Chimichurri is a herbaceous, vinegary sauce with a variety of uses, but it pairs particularly well with grilled meats, especially beef. Feel free to marinate the meat with whatever citrus you have on hand and marinate overnight if you have time!
What you will need
1.5 lbs Sirloin Steak
pinch Black Pepper
1/4 cup Oil
1/2 bunch Cilantro
1/2 bunch Parsley
2 Cloves Garlic
1/4 cup Oil
2 Tbsp Red Wine Vinegar
1/4 tsp Black Pepper
1 tsp Salt
1/2 tsp Red Pepper Flakes, optional(Nutritional facts 226 calories, 15.48 g fat, 3.82 g carbohydrates, 18.84 g protein, 50 mg cholesterol, 747 mg sodium)
How to cook
Gather and portion ingredients. Wash herbs.
Cut the steak into 1 inch cubes and season generously with salt and pepper.
Peel and slice onion into strips. Set half aside for the chimichurri.
Add the onion, orange juice and half the oil to a sealable container or plastic bag.
Marinate the steak in the sealed container in the refrigerator while you prepare the chimichurri or up to overnight!
Add the cilantro, parsley, and onion pieces to the base of a food processor or blender.
Add the garlic cloves and red wine vinegar to the mixture.
Add the salt, pepper, and optional red pepper flakes to the food processor. Add the remaining oil.
Add the food processor lid and blend until herbs and onion are chopped fine.

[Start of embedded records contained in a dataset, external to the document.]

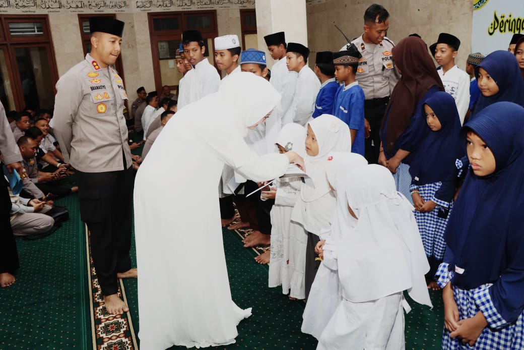 Sebagai penutup, Kapolres Kediri Kota beserta Ketua Bhayangkari Cabang Kediri Kota memberikan santunan kepada anak yatim sebagai bentuk kepedulian Polri terhadap masyarakat.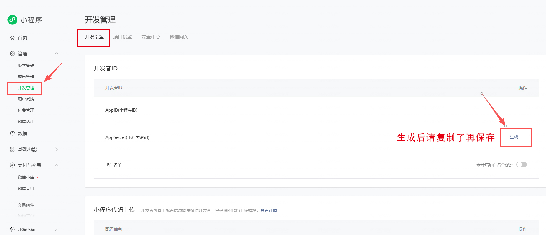点击开发设置,下面的生成按钮,点击生成小程序密钥,如下图: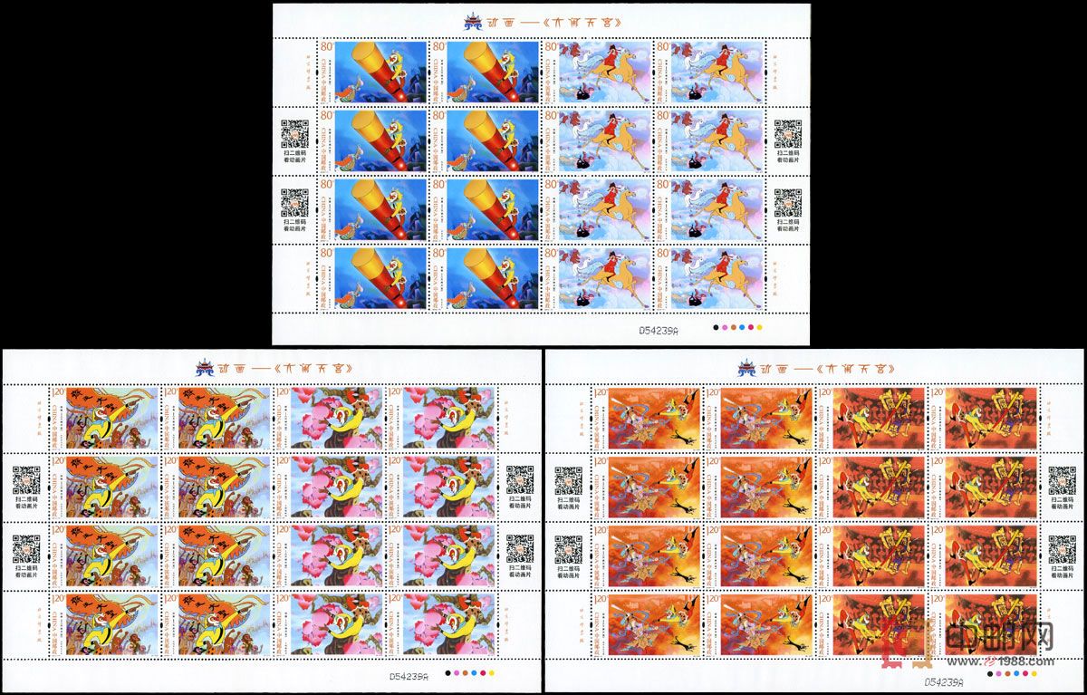 中国邮政定于2014年6月1日发行《动画--大闹天宫》特种邮票,全套六枚,同时发行小本票一本,编号(51)。六枚邮票将展现第一枚:龙宫夺宝(80分) 第二枚:官封弼马温(80分) 第三枚:智封齐天大圣(1.20元) 第四枚:大闹蟠桃园 (1.20元) 第五枚:勇斗天兵天将(1.20元) 第六枚:打上灵霄殿(1.20元) ,邮票票幅50x30mm。

In a heavy bottomed skillet over high heat, add the marinated steak and onions. Discard the excess liquid from the marinade. Sear the steak bites on all sides for just about 6-8 minutes or until it reaches your desired temperature.
Top the steak bites with chimichurri. Serve with toothpicks for an appetizer, or alongside a side dish to finish out the meal.